As trillion-dollar spending bills and new federal programs pop up like spring flowers, there are some cracks in the infrastructure that make these investments possible. A recent hearing with the Commissioner of the Internal Revenue Service and a report from the Inspector General make it clear the IRS is stretched thin. Love ‘em or hate ‘em, the IRS is crucial to making government work. Whether you want to rein in deficits, seek equity in public policy, or just want to know how to fill out your form 1040, you should be concerned.

Everyone is familiar with taxes, but not everyone is familiar with the Tax Code. At a couple thousand pages (tens of thousands with the case law and guidance) it’s daunting, even for us. But in those pages lie hundreds of exclusions, deductions, preferential rates, and credits. Depreciation for business investments, tax credits for maintaining railroad tracks, student loan interest deduction, the child tax credit – you name it, you can probably find it. And policymakers have created these to promote certain behaviors or achieve particular goals or reward parochial interests. They’re often viewed more favorably than spending (allowing people or businesses to “keep their money” instead of getting paid for doing something). But they reduce revenue to the tune of $1.4 trillion a year and add to the deficit. That’s basically as much as the entire annual discretionary budget that funds government every year.

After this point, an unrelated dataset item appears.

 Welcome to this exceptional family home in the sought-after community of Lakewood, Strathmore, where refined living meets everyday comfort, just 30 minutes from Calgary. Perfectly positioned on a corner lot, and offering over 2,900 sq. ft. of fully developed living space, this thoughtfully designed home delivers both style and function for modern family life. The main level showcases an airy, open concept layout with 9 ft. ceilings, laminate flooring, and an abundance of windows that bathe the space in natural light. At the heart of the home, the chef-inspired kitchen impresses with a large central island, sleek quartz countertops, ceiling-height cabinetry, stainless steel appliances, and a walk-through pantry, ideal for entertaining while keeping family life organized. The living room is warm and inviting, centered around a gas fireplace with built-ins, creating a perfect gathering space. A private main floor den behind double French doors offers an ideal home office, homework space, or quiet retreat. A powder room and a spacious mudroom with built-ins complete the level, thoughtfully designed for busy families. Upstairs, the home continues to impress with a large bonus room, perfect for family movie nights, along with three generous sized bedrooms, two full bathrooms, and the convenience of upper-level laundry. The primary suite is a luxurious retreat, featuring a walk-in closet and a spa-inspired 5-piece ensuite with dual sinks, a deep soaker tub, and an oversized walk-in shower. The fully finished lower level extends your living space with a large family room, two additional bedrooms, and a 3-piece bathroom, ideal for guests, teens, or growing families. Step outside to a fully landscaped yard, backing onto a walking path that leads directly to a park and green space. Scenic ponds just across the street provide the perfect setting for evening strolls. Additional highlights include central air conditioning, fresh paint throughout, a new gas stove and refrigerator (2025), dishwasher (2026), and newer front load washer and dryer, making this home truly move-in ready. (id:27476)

The Tax Code is also an important part of the federal response to COVID-19. The IRS is the agency processing individual stimulus checks. The CARES Act last March tasked them with making dozens of changes. A full two months into the 2020 filing season, the recently enacted American Rescue Plan Act changes the rules again. The law mandates the IRS increase and turns the child tax credit into a monthly payment while making a number of retroactive changes aimed at helping individuals and providing stimulus.

But the IRS is broken. Last Christmas it had a backlog of 12 million unprocessed paper returns. It’s grown to 24 million. Less than one quarter of calls to the help hotline are answered. Error resolution that used to take 3 to 5 business days is taking 10 to 14. The commissioner just testified the Child Tax credit change won’t happen by the July 1 deadline. It might happen by the end of the year. Personnel that should be working on it are instead focused on the rebates and retroactive changes.

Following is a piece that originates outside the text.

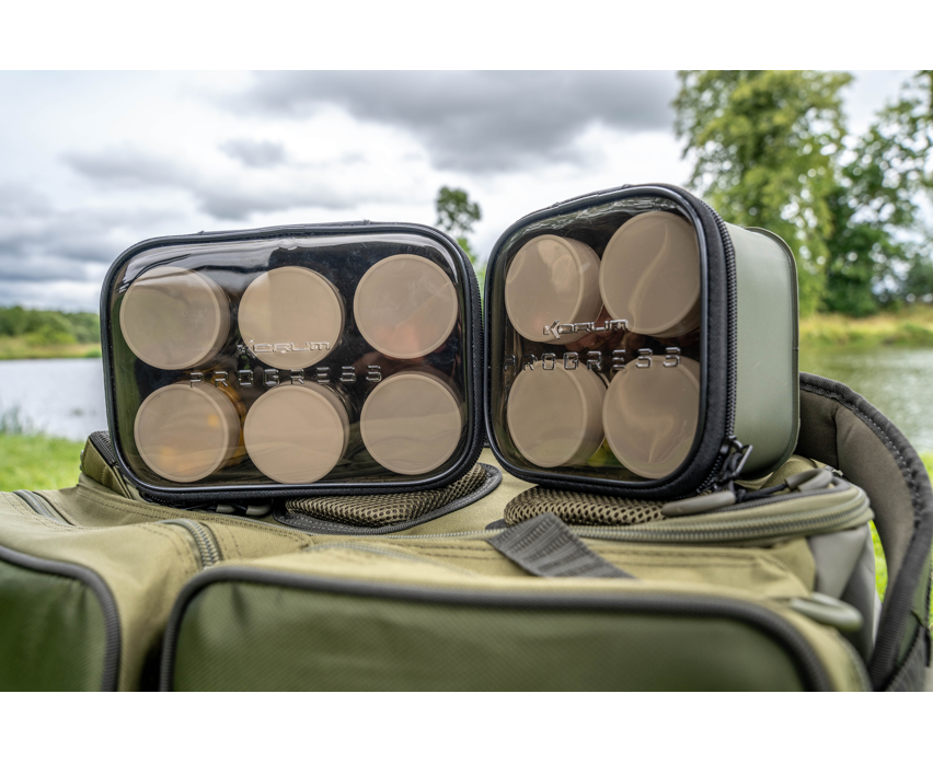 Torby dla doniczek na przynęty marki Korum, model Progress Eva, na Kolor zielony, przeznaczony do przechowywania przynęt, dipów i płynów.
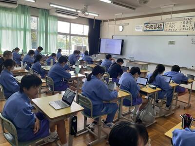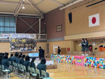 5・6校時に後期生徒会総会が行われました。今回は、新型コロナウイルス感染者が多いことから、体育館では行わずに放送での実施となりました。生徒会執行部や各種委員会の活動目標および活動計画について質疑応答がなされ、建設的な意見や要望など活発な意見交換が行われました。

This isn’t just a stimulus issue. Office closures due to COVID-19 are partly to blame, you can’t process a paper file if you can’t access the paper file. But the IRS ailments were a pre-existing condition.

Over the last ten years the IRS has shrunk. It has 30,00 fewer employees. The agency’s budget is 20 percent smaller. It routinely makes an appearance on GAO’s high risk list. And since at least the George W. Bush Administration, when Treasury Secretary Paul O’Neill requested “$400 million in investments to modernize the IRS’ outdated computer system” it’s been playing catch-up with the modern IT world. You know who has modernized their systems and approaches? Hackers and state-backed cyberattacks. In 2019, then-IRS Commissioner Rettig estimated that 45 percent of the IRS workforce would be retirement eligible in two years (that would be now) and that less than 3 percent of the workforce was 30 years old or younger.

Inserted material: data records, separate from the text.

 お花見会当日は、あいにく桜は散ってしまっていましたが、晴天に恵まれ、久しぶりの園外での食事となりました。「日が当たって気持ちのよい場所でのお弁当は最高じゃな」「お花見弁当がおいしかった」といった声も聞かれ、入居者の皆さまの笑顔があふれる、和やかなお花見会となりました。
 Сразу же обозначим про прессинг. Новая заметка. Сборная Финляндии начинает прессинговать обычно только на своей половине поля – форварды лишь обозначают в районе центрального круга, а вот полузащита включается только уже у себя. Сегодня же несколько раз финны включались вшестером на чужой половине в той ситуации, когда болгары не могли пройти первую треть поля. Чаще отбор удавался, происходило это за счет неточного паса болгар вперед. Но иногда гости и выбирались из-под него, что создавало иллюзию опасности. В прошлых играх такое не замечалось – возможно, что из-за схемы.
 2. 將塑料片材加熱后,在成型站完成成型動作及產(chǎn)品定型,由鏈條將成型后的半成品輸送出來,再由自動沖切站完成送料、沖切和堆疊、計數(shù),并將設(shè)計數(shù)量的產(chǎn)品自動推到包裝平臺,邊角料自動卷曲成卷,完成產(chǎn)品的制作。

Yet from Obamacare, to the 2017 tax cut, to COVID-19 recovery, it has more mandates.

There are real consequences. The tax gap, the gulf between what is owed and what is collected has grown from $381 billion a year (2011-2013) to $570 billion in 2019 and an estimated $7.5 trillion over the next decade. It also can’t catch the cheats. An Inspector General report found that from 2014-2016, the IRS did not even look into 369,180 cases where high income tax filers (making over $100,000) didn’t even bother to file a tax return ($20.8 billion owed). This Includes a subset of nearly 2,000 returns each owing at least $1 million for a total of $13.5 billion. And the ancient IT system and lack of personnel means the IRS can’t provide timely assistance, whether to address COVID or answer questions.

It’s past time to bring the IRS into the 21st century. COVID-19 required an enormous fiscal response. And there are a lot of big spending plans on the horizon. But lobbyists and lawmakers have made the code overly complicated. Congress should provide the IRS the tools it needs to make filing simpler for individuals and to catch the scofflaws and cheats that undermine federal investments. We have plenty of other places more worthy of cuts.